DecisionTreeRegressor(random_state=0)

In [22]:
y_pred=regressor.predict(X_test)

In [23]:
# Check the Root mean squared error value for the predictions on the test values
rms=sqrt(msc(y_test,y_pred))
print('The mean squared error is',rms)

R-Square 1.0
The mean squared error is 9.29624044327521e-15


In [44]:
from sklearn.model_selection import cross_val_score

# Evaluate on Training and Test Sets
y_train_pred = regressor.predict(X_train)
train_mse = msc(y_train, y_train_pred)
train_r2 = r2_score(y_train, y_train_pred)

print("Train Set Mean Squared Error (MSE):", train_mse)


# Use Cross-Validation to test over different splits of the data
cv_scores = cross_val_score(regressor, X, y, cv=5, scoring='r2')

print("Mean Cross-Validation R2:", np.mean(cv_scores))



Train Set Mean Squared Error (MSE): 8.402082066785892e-29
Mean Cross-Validation R2: 0.999818656283875


##### Try with different regression parameters

In [48]:
regressor=DecisionTreeRegressor(splitter='random', random_state=1)
regressor.fit(X,y)

DecisionTreeRegressor(random_state=1, splitter='random')

In [49]:
y_pred=regressor.predict(X_test)

In [50]:
rms=sqrt(msc(y_test,y_pred))
print('The mean squared error is',rms)

The mean squared error is 8.215282748448146e-15


### Using the Priority corrected dataframes

### Dummy Priority 

In [108]:
XDP = Priority_Dummy.loc[:, ~Priority_Dummy.columns.isin(['Response_time', 'ARRIVE', 'DISPATCH', 'DATE'])]
yDP = Priority_Dummy['Response_Time']
XDP_train,XDP_test,yDP_train,yDP_test=train_test_split(XDP,yDP,test_size=.2, random_state=0)

In [109]:
# Same Regression parameters as Original
regressor=DecisionTreeRegressor(random_state=0)
regressor.fit(XDP,yDP)
yDP_pred=regressor.predict(XDP_test)
rms=sqrt(msc(yDP_test,yDP_pred))
print('The mean squared error of the Priority_Dummy is',rms)

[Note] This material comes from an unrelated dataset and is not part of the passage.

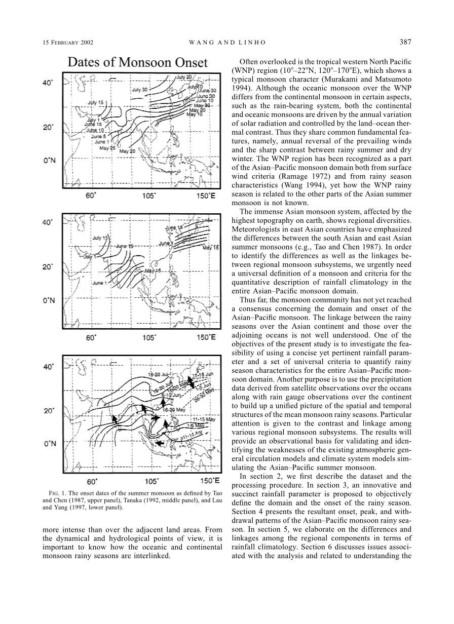 大多数关于亚洲季风降水气候学的文献一直致力于用雨量观测数据来描述陆地和岛屿的雨季(例如,Yoshino 1965,1966;Rao 1976;Ninomiya和Murakami 1987;Ding 1992;陈1994等)。图1显示了分别由Tao和Chen(1987),Tanaka(1992),Lau和Yang(1997)确定的夏季风爆发日期。在东亚,由于使用不同数据和不同的季风爆发定义,各种结果之间存在显著的差异。一般来说,夏季季风雨季的开始和撤退日期在整个亚洲夏季风区域并无普遍定义。

The mean squared error of the Priority_Dummy is 9.135838253467874e-15


In [110]:
# Changed regression parameters
regressor=DecisionTreeRegressor(splitter='random', random_state=1)
regressor.fit(XDP,yDP)
yDP_pred=regressor.predict(XDP_test)
rms=sqrt(msc(yDP_test,yDP_pred))
print('The mean squared error of the Priority_Dummy is',rms)

The mean squared error of the Priority_Dummy is 9.558203648479954e-15


## Priority Reorder

In [97]:
XPR = Priority_re.loc[:, ~Priority_re.columns.isin(['Response_time', 'ARRIVE', 'DISPATCH', 'DATE'])]
yPR = Priority_re['Response_Time']
XPR_train,XPR_test,yPR_train,yPR_test=train_test_split(XPR,yPR,test_size=.2, random_state=0)

In [99]:
# Same regression parameters as the original
regressor=DecisionTreeRegressor(random_state=0)
regressor.fit(XPR,yPR)
yPR_pred=regressor.predict(XPR_test)
rms=sqrt(msc(yPR_test,yPR_pred))
print('The mean squared error of the Priority_re is',rms)

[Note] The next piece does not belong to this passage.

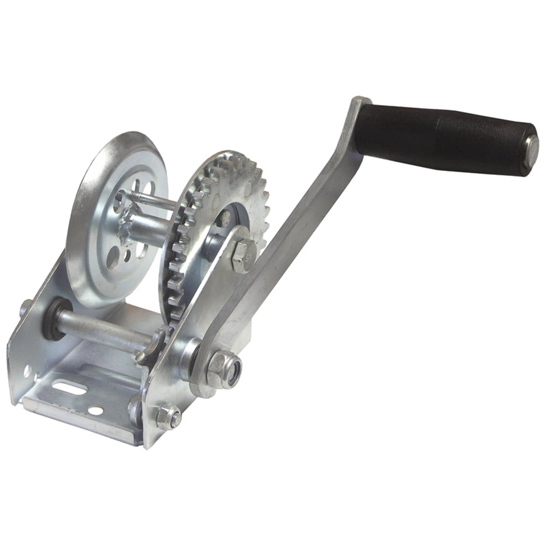 Heavy duty single drive winches feature layered steel gears and gear pawl. The roller handle and? three way pawl allows for easy and safe operation ratchet in/out and neutral. Ready to be used in the harshest environments. Universal mounting holes.

The mean squared error of the Priority_re is 9.037325085585732e-15


In [98]:
# Changed regression parameters
regressor=DecisionTreeRegressor(splitter='random', random_state=1)
regressor.fit(XPR,yPR)
yPR_pred=regressor.predict(XPR_test)
rms=sqrt(msc(yPR_test,yPR_pred))
print('The mean squared error of the Priority_re is',rms)

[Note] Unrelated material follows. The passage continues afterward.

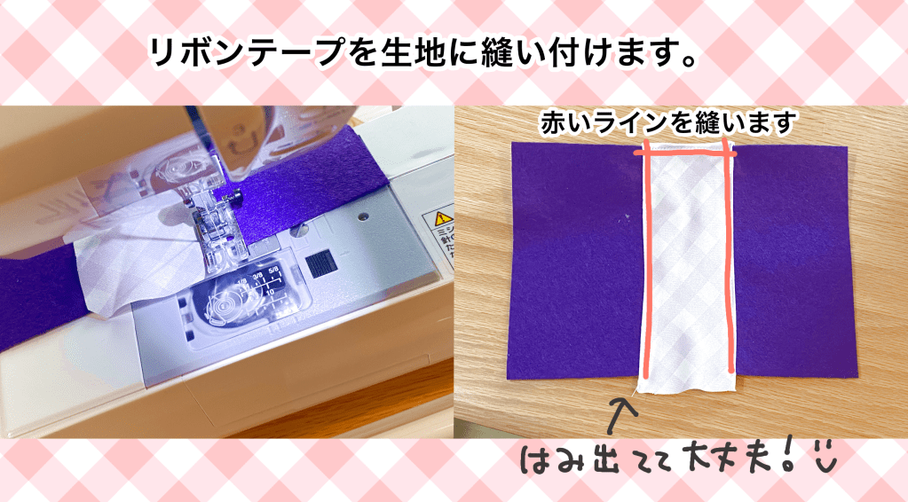 2、リボンテープの縫い付け

The mean squared error of the Priority_re is 8.015148211178783e-15


The Decision Tree Regression seems to fit the model extremely well. I am suspicious of potential overfitting issues, however it seems to maintain a very low mean squared error when put through different parameters on the regression.